» WORK ITEM: Write the listing out again word for word, excluding any pictures.

» INFORMATION PROVIDED:
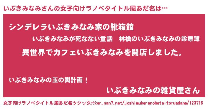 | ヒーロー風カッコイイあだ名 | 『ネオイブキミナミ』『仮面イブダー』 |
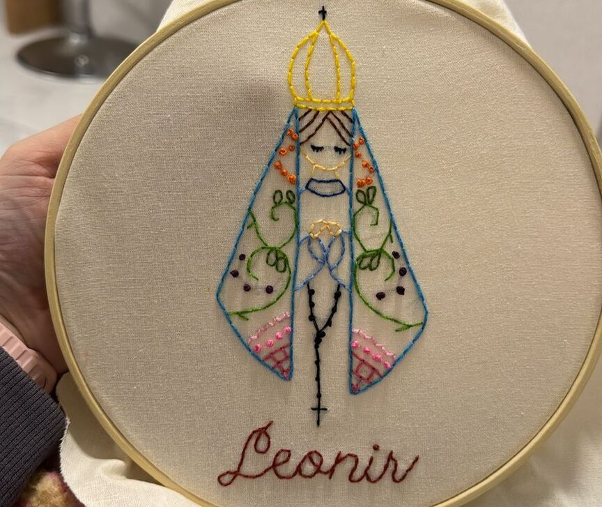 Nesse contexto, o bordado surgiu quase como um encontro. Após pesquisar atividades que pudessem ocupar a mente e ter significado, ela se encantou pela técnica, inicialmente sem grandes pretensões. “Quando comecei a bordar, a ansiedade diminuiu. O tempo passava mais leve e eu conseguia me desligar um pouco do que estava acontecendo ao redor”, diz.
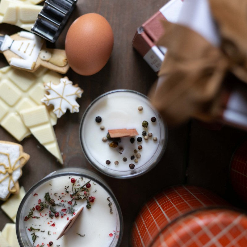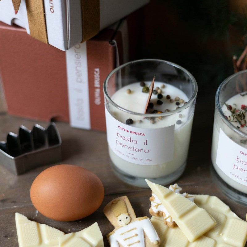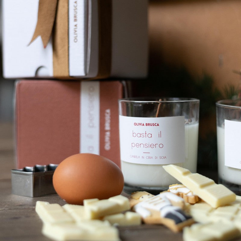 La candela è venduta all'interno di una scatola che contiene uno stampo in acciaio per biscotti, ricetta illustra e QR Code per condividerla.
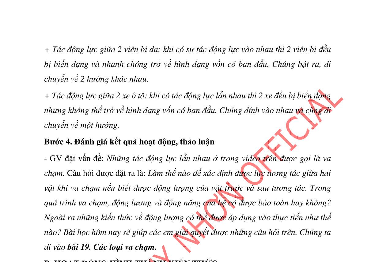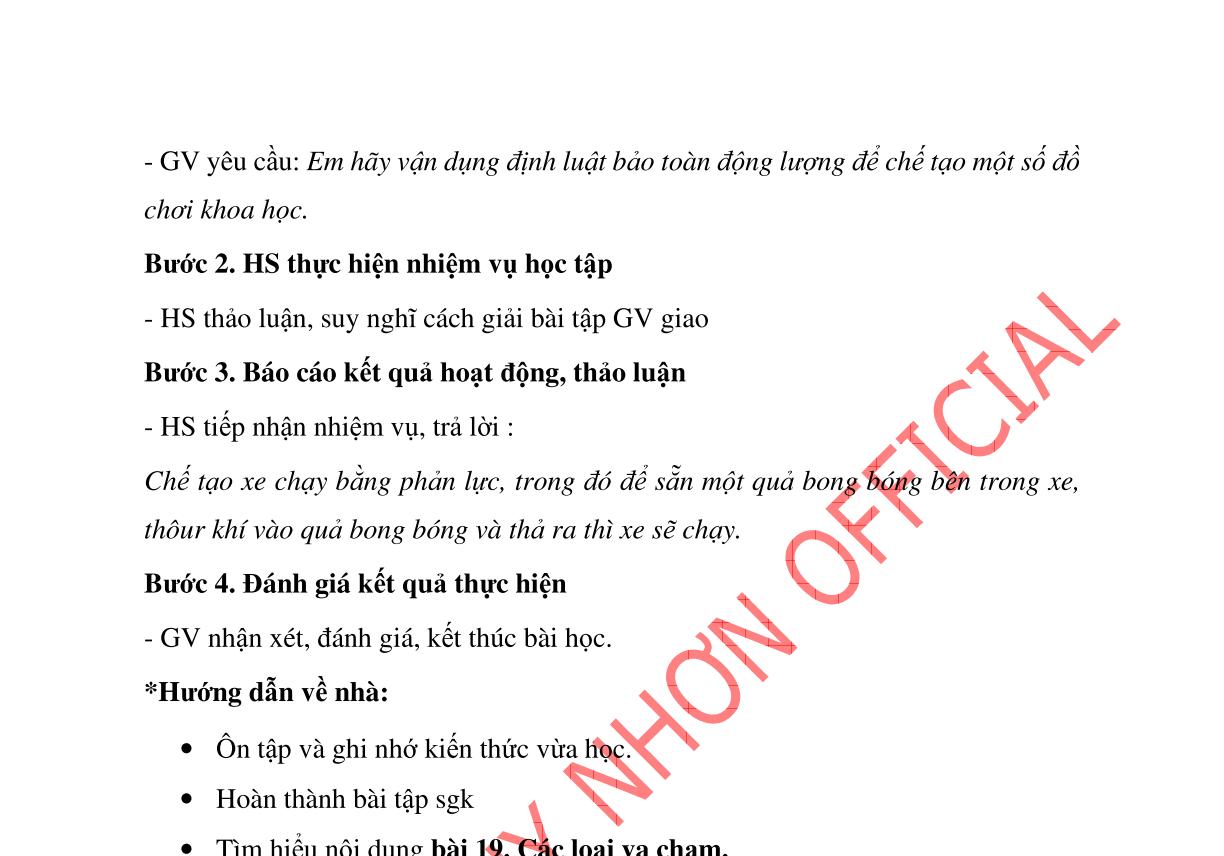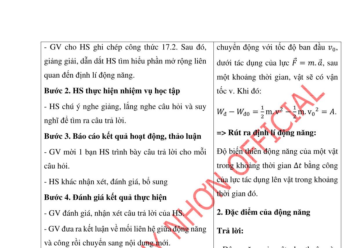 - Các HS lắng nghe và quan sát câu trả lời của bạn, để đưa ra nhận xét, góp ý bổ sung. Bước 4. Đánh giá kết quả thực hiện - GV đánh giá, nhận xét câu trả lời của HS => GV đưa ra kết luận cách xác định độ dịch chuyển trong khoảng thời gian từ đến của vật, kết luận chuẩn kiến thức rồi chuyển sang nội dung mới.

» TASK RESPONSE:
 | ヒーロー風カッコイイあだ名 | 『ネオイブキミナミ』『仮面イブダー』 |
 Nesse contexto, o bordado surgiu quase como um encontro. Após pesquisar atividades que pudessem ocupar a mente e ter significado, ela se encantou pela técnica, inicialmente sem grandes pretensões. “Quando comecei a bordar, a ansiedade diminuiu. O tempo passava mais leve e eu conseguia me desligar um pouco do que estava acontecendo ao redor”, diz.
 La candela è venduta all'interno di una scatola che contiene uno stampo in acciaio per biscotti, ricetta illustra e QR Code per condividerla.
 - Các HS lắng nghe và quan sát câu trả lời của bạn, để đưa ra nhận xét, góp ý bổ sung. Bước 4. Đánh giá kết quả thực hiện - GV đánh giá, nhận xét câu trả lời của HS => GV đưa ra kết luận cách xác định độ dịch chuyển trong khoảng thời gian từ đến của vật, kết luận chuẩn kiến thức rồi chuyển sang nội dung mới.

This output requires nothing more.